Yes, Marc's projection mechanism would work as an approximation, but would produce nearly 100% non-planar quadrilaterals. To some extent, I'm trying to understand the mathematics of planar quadrilaterals, so Warren's Euler formula provided me with significant insight about how one might go about proving the non-existence of some types of quadrangularization. Marc's octahedral skeleton is the dual of the cubical skeleton. I can take such a cubical skeleton and "push out" all of the faces, and then push out all of the resulting faces, in a recursive manner to produce a pretty decent approximation to the sphere. The original cubic skeleton has 6 faces. Since "pushing out" one face results in 5 new faces, one level of recursion gives us 6*5=30 total faces. Recursively pushing out n times results in 6*5^n total faces. Note that my "pushing out" algorithm approximates the sphere _from the inside_, in the sense that the 8 vertices of the cube lie on the surface of the sphere, and each new "pushed out" face will also have all of its vertices on the surface of the sphere. BTW, my recursive mechanism provides a (new???) set of coordinates for every point on the surface of the sphere. My recursive mechanism also provides for a (new???) way of "projecting" (not really a mathematical projection in the usual sense) the surface of a sphere onto a set of reasonably compact planar quadrilaterals. Given all of the globe-mapping algorithms that have been suggested over the previous centuries, I'd be surprised if this one hasn't already been suggested at some point. Note that the little planar bits are (almost certainly) _not_ precisely perpendicular to a radius vector from the center of the sphere. This is a problem for computer graphics, because these little faces won't reflect correctly. We might have to optimize the choices involved in "pushing out", so as to make the planar quadrilaterals as compact as possible. Here the definition of "compact" might be to minimize the enclosing radius of the quadrilateral planar pieces at a given depth k of the recursion. At 12:58 PM 1/6/2013, Marc LeBrun wrote:
="Henry Baker" <hbaker1@pipeline.com> Good, but we have a convex surface modelled by a non-convex surface. Can we do better?
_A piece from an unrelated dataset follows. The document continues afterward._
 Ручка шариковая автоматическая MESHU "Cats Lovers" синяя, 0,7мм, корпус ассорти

Well, how do we define "better"? On the one hand we seem to be talking about approximating surfaces ever more closely, but on the other we seem to be groping to converge on discovering some unstated intuitive definition.
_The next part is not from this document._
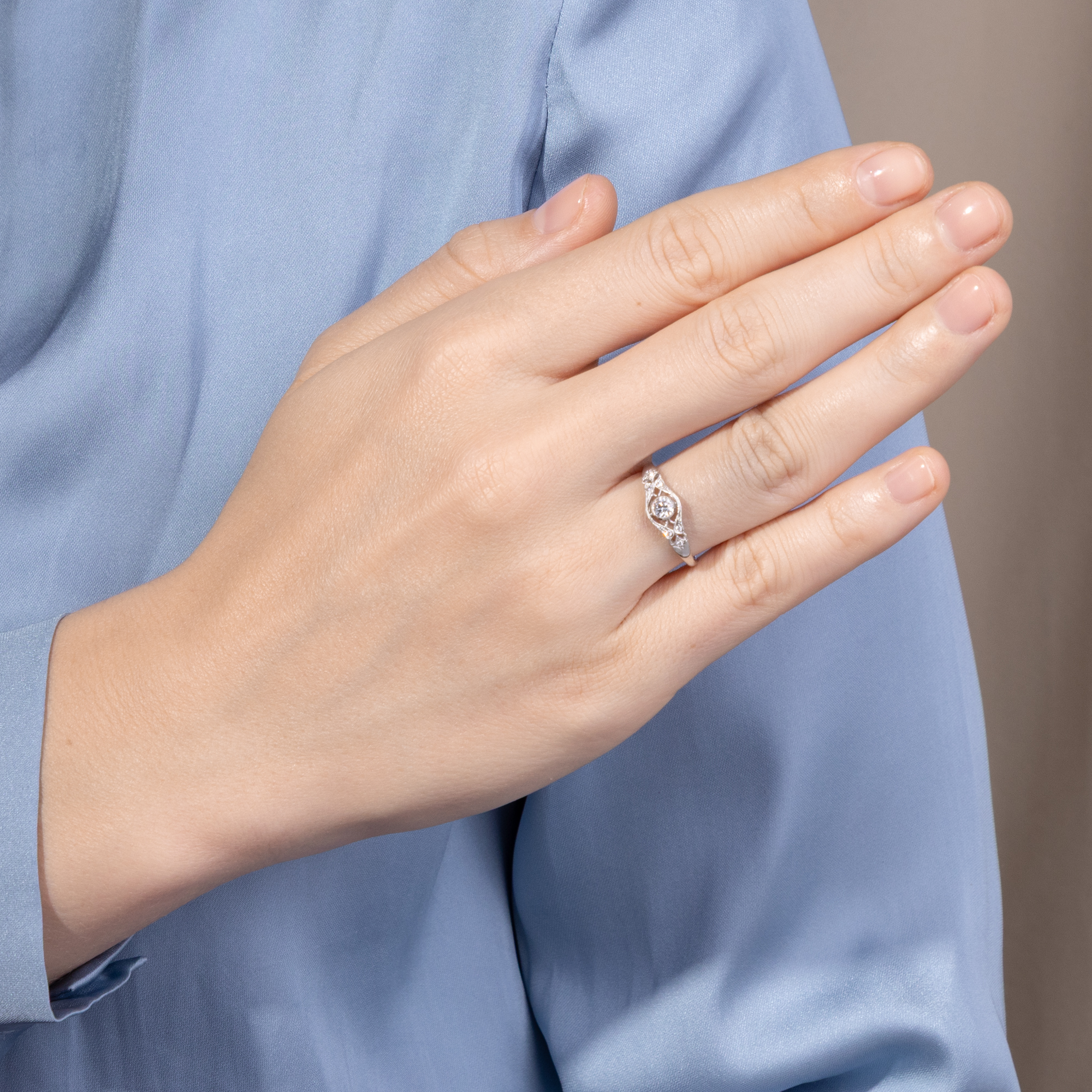 The dilemma of the antique jewellery dealer is often to let go of particularly beautiful pieces of jewellery that have come into our possession only after a long search. Because the hand-forged unique pieces usually exist only once and some jewellery, already sold years ago, sometimes you can not forget and they hang on you. Such a piece of jewellery was a diamond ring of the years around 1905, which had immediately inspired us with its delicate and at the same time elegant design. Therefore, we asked our goldsmith to forge a ring model for us, very similar to the ring we once owned and liked very much. So the ring we have here was created in our workshop. We had it made of high quality white gold, using antique material. Its center is adorned with a wonderful flawless full cut diamond, accompanied by smaller set diamonds. Fine piercing and milgrain decorations divide the surface and give the piece its light elegance. At the same time, they sparkle with every ray of light that strikes the fine surfaces. The ring can be worn every day thanks to its high-quality, insensitive materials and its flat design. It is also available in yellow gold, platinum or rose gold on request. Will the ring also soon become your favorite piece?
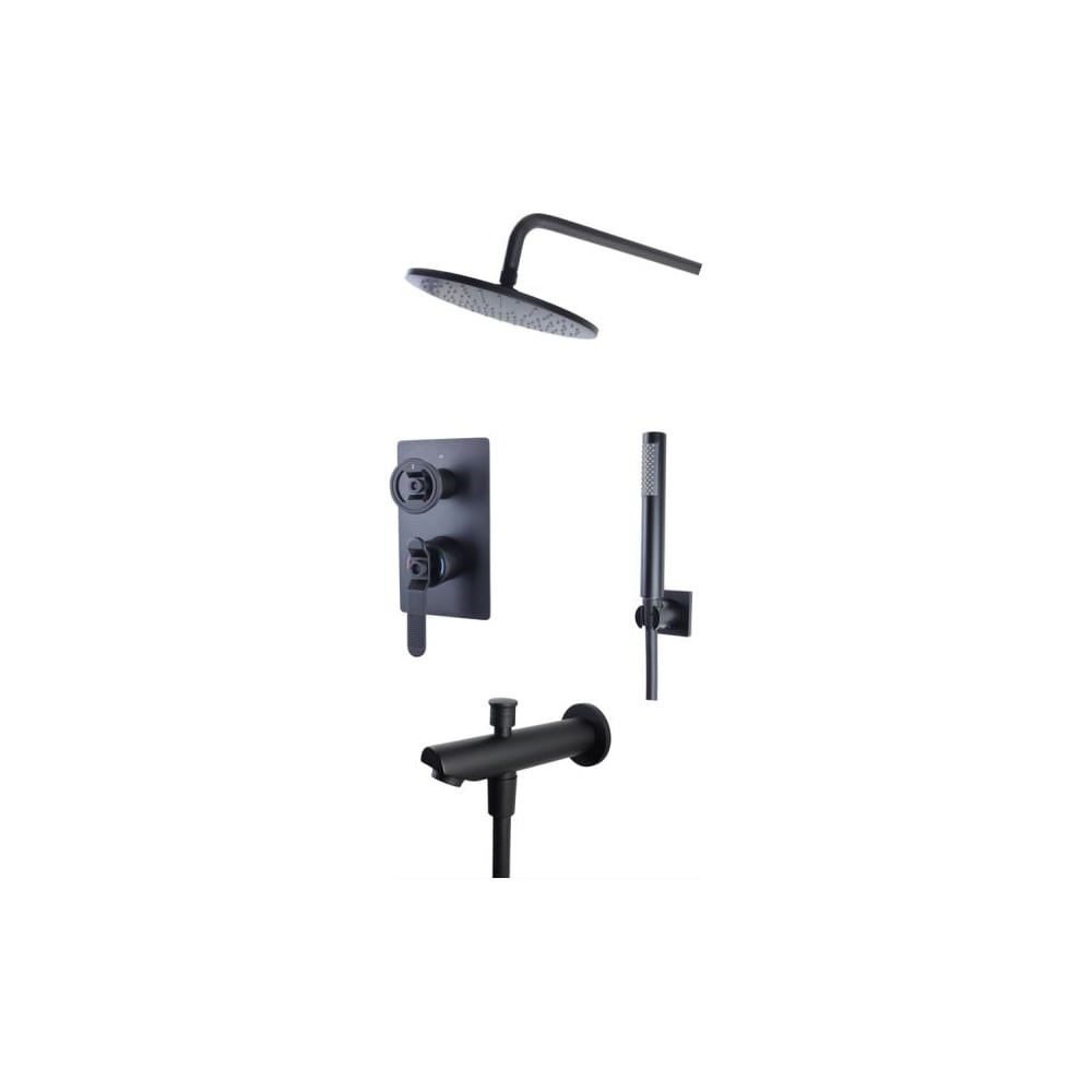 Встраиваемый душевой комплект BRONZE DE LUXE 1760's (верхний душ 250, ручной душ, излив) черный матовый 6630SB

Duality. I note that a triangulated surface in which every vertex has exactly 4 edges coming out (I believe) is dual to a quadrangulated surface where each vertex meets exactly 3 planar quadrilaterals.
Then you just get the dual of the problem: "all" one has to do is find an algorithm for triangulating with a net that's all degree-4.
I think if the surface is genus 0 this implies an octahedral "skeleton".
Anyway, why wouldn't this work:
Make a cubic cage with square mesh sides, put a light inside, insert in the target shape, then take the quads defined by the shadows on the surface?
If not close enough, or produces non-planar quads, use (locally) finer mesh.
(If the shape is too lumpy or floppy or the like first smoothly deform it to be rounder, project as above, then deform back...)